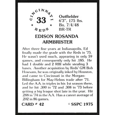 This is a 1976 SSPC Ed Armbrister baseball card. The card is #42 and pictures show condition.
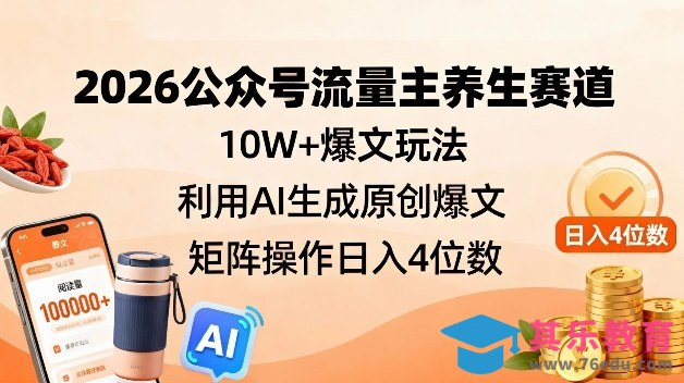 摘要: 2026公众号流量主养生赛道,10W 爆文玩法,利用AI生成原创爆文,矩阵操作日入4位数 项目介绍: 公众号流量主项目,简而言之,就是通过你的公众号吸引粉丝,然后通过广告曝光和点击来賺取收入。随着短视频的兴起,公众号的影响力逐渐下滑。微信为 2026公众号流量主养生赛道,10W 爆文玩法,利用AI生成原创爆文,矩阵操作日入4位数
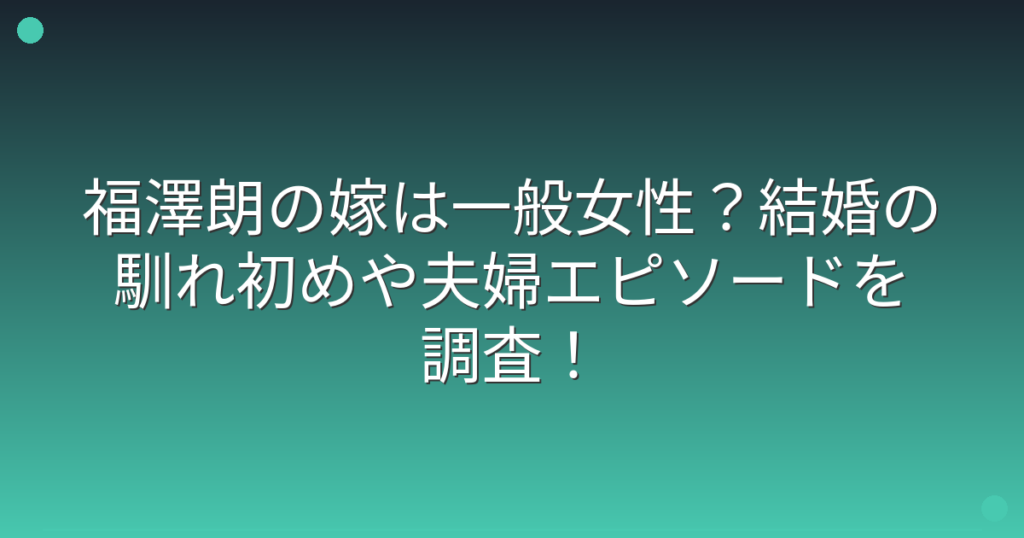 フリーアナウンサーとして長年活躍されている福澤朗さんですが、プライベートについて気になっている方も多いのではないでしょうか。 特に福澤朗さんの嫁や結婚生活について、ファンの間で話題になっていますね。 そこで今回は、福澤朗さんの嫁や結婚の馴... -
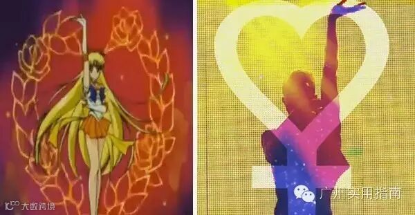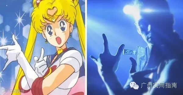 原作中的水手月亮、水星、火星、木星、金星等角色通通都有,只不过是性转版本,但动作的还原度还是很高,来跟原作对照一下:
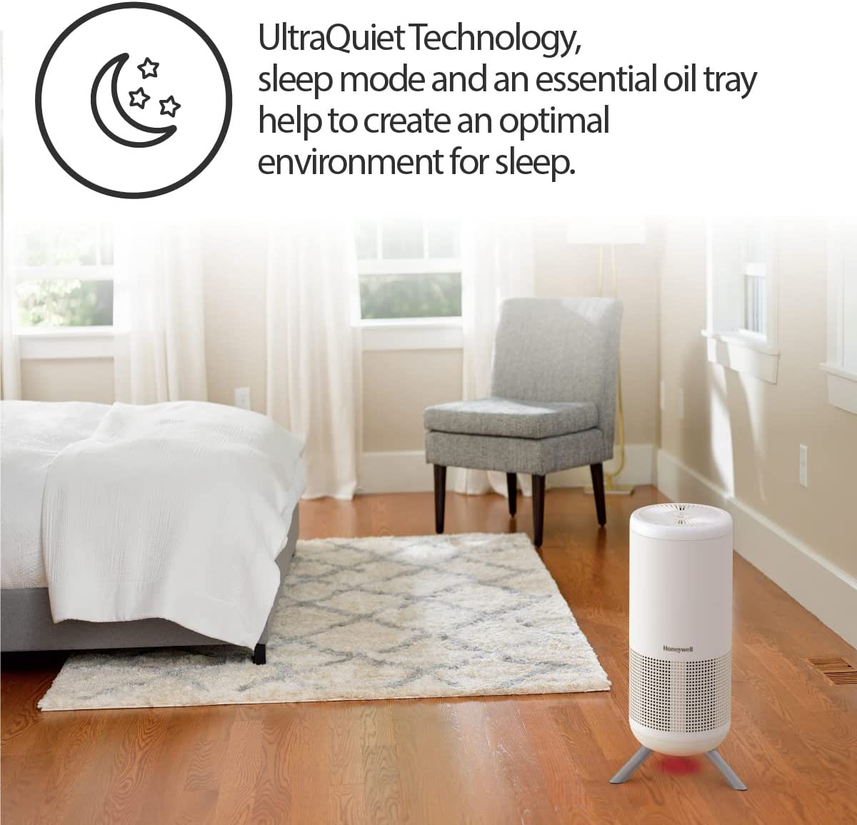 • ULTRA-QUIET TECHNOLOGY – The Designer Series HEPA Air Purifier is the ideal air purifier for bedrooms. It features UltraQuiet Technology, sleep mode and an essential oil tray for optional aromatherapy to help create an optimal environment for sleep.
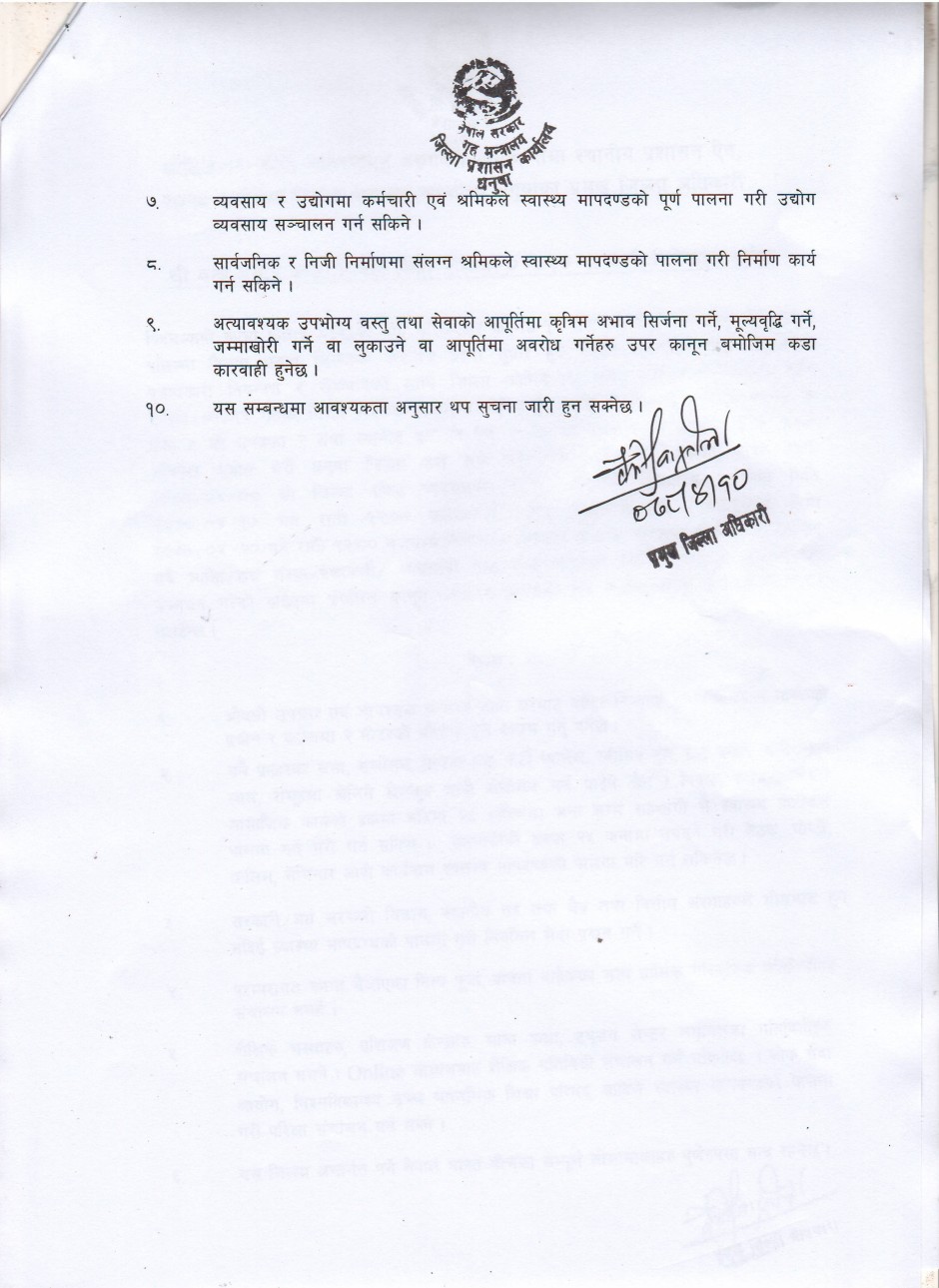 | जिल्ला प्रशासन कार्यालय धनुषाबाट अवधि थप गरि जारी गरिएको निषेधाज्ञा आदेश |
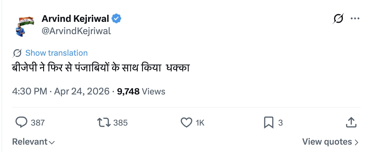सोशल मीडिया प्लेटफॉर्म एक्स पर पोस्ट करते हुए केजरीवाल ने ज्यादा कुछ नहीं लिखा. सिर्फ एक लाइन में अपनी बात कह दी. उन्होंने लिखा, 'बीजेपी ने फिर से पंजाबियों के साथ किया धक्का.'
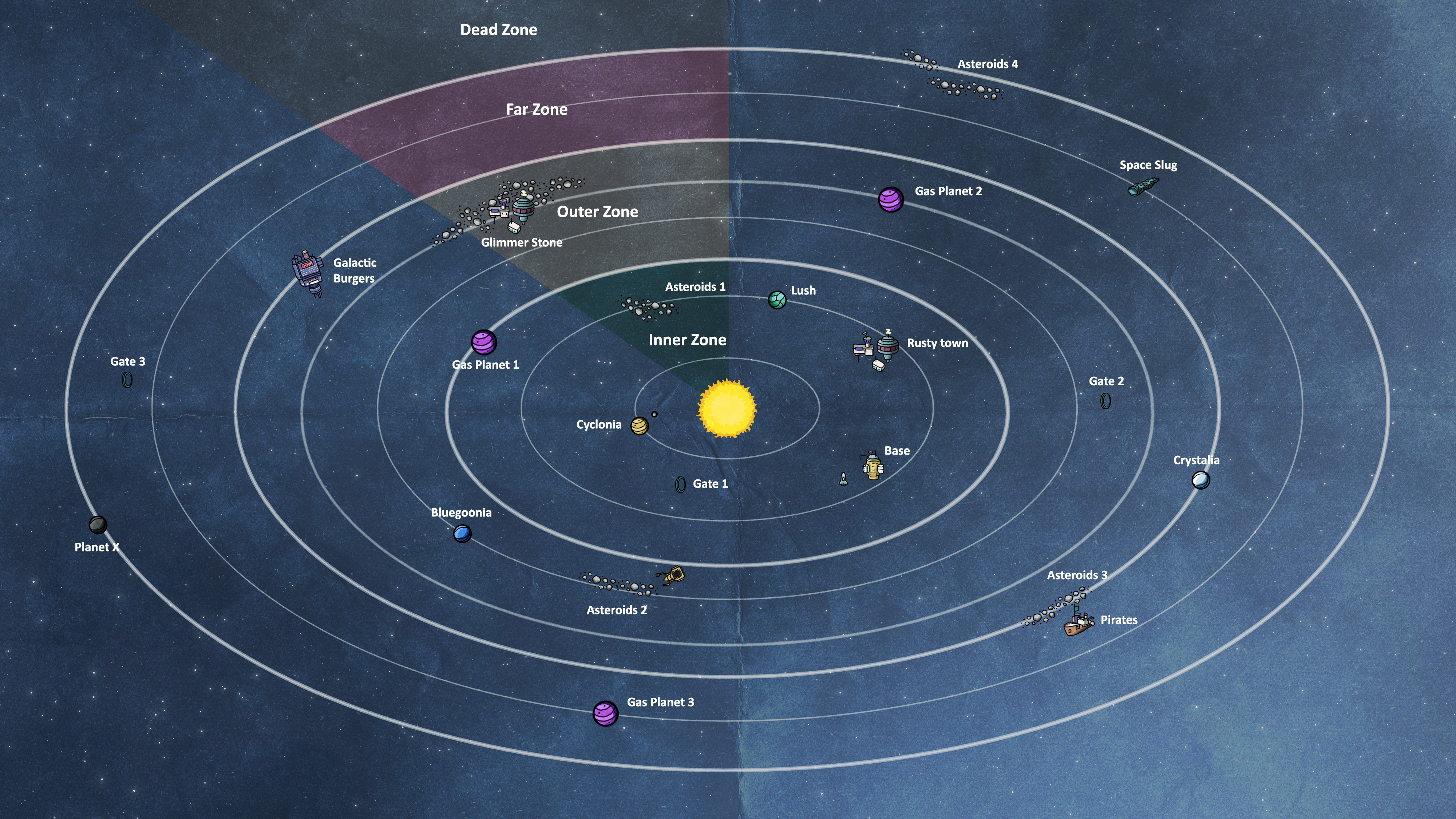 The star system in Space Chef will consist of four zones. Inner Zone, Outer Zone, Far Zone and the Dead Zone. You - the player will start the game in the Inner Zone. Here, you are close to the sun, you can buzz around in your scooter, visit Rusty Town, mine asteroids and collect scrap parts that are scattered just about everywhere. To be able to travel to the next zone, you need to find a way to upgrade your ship, because your scooter can’t take you too far out - yet. The next zone will offer you new challenges, new resources, new planets and so on - packed with delicious ingredients for those rare meals.
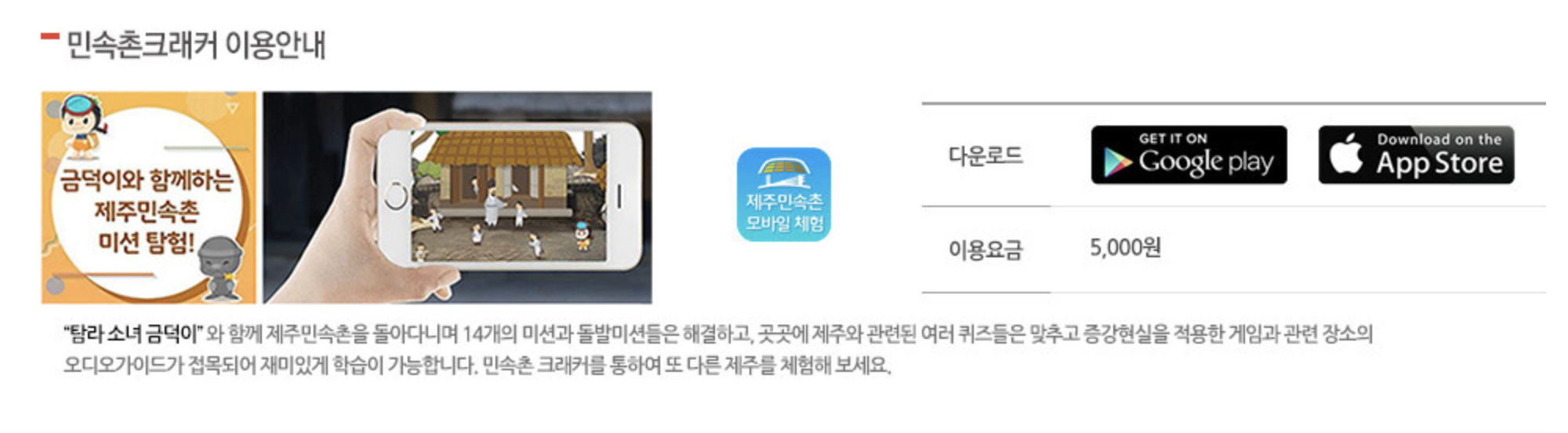 상단에 버튼을 확인하시면 제주 민속촌 모바일 체험 어플로 바로 가실수있습니다.
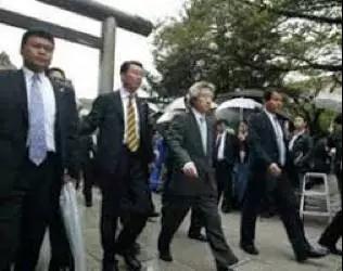 2005年10月,小泉在保镖簇拥下参拜靖国神社。

·····

** ASSIGNMENT **
Copy out the data above to the letter, and keep every picture out of it.

** RESPONSE **
 This is a 1976 SSPC Ed Armbrister baseball card. The card is #42 and pictures show condition.
 摘要: 2026公众号流量主养生赛道,10W 爆文玩法,利用AI生成原创爆文,矩阵操作日入4位数 项目介绍: 公众号流量主项目,简而言之,就是通过你的公众号吸引粉丝,然后通过广告曝光和点击来賺取收入。随着短视频的兴起,公众号的影响力逐渐下滑。微信为 2026公众号流量主养生赛道,10W 爆文玩法,利用AI生成原创爆文,矩阵操作日入4位数
 フリーアナウンサーとして長年活躍されている福澤朗さんですが、プライベートについて気になっている方も多いのではないでしょうか。 特に福澤朗さんの嫁や結婚生活について、ファンの間で話題になっていますね。 そこで今回は、福澤朗さんの嫁や結婚の馴... -
 原作中的水手月亮、水星、火星、木星、金星等角色通通都有,只不过是性转版本,但动作的还原度还是很高,来跟原作对照一下:
 • ULTRA-QUIET TECHNOLOGY – The Designer Series HEPA Air Purifier is the ideal air purifier for bedrooms. It features UltraQuiet Technology, sleep mode and an essential oil tray for optional aromatherapy to help create an optimal environment for sleep.
 | जिल्ला प्रशासन कार्यालय धनुषाबाट अवधि थप गरि जारी गरिएको निषेधाज्ञा आदेश |
सोशल मीडिया प्लेटफॉर्म एक्स पर पोस्ट करते हुए केजरीवाल ने ज्यादा कुछ नहीं लिखा. सिर्फ एक लाइन में अपनी बात कह दी. उन्होंने लिखा, 'बीजेपी ने फिर से पंजाबियों के साथ किया धक्का.'
 The star system in Space Chef will consist of four zones. Inner Zone, Outer Zone, Far Zone and the Dead Zone. You - the player will start the game in the Inner Zone. Here, you are close to the sun, you can buzz around in your scooter, visit Rusty Town, mine asteroids and collect scrap parts that are scattered just about everywhere. To be able to travel to the next zone, you need to find a way to upgrade your ship, because your scooter can’t take you too far out - yet. The next zone will offer you new challenges, new resources, new planets and so on - packed with delicious ingredients for those rare meals.
 상단에 버튼을 확인하시면 제주 민속촌 모바일 체험 어플로 바로 가실수있습니다.
 2005年10月,小泉在保镖簇拥下参拜靖国神社。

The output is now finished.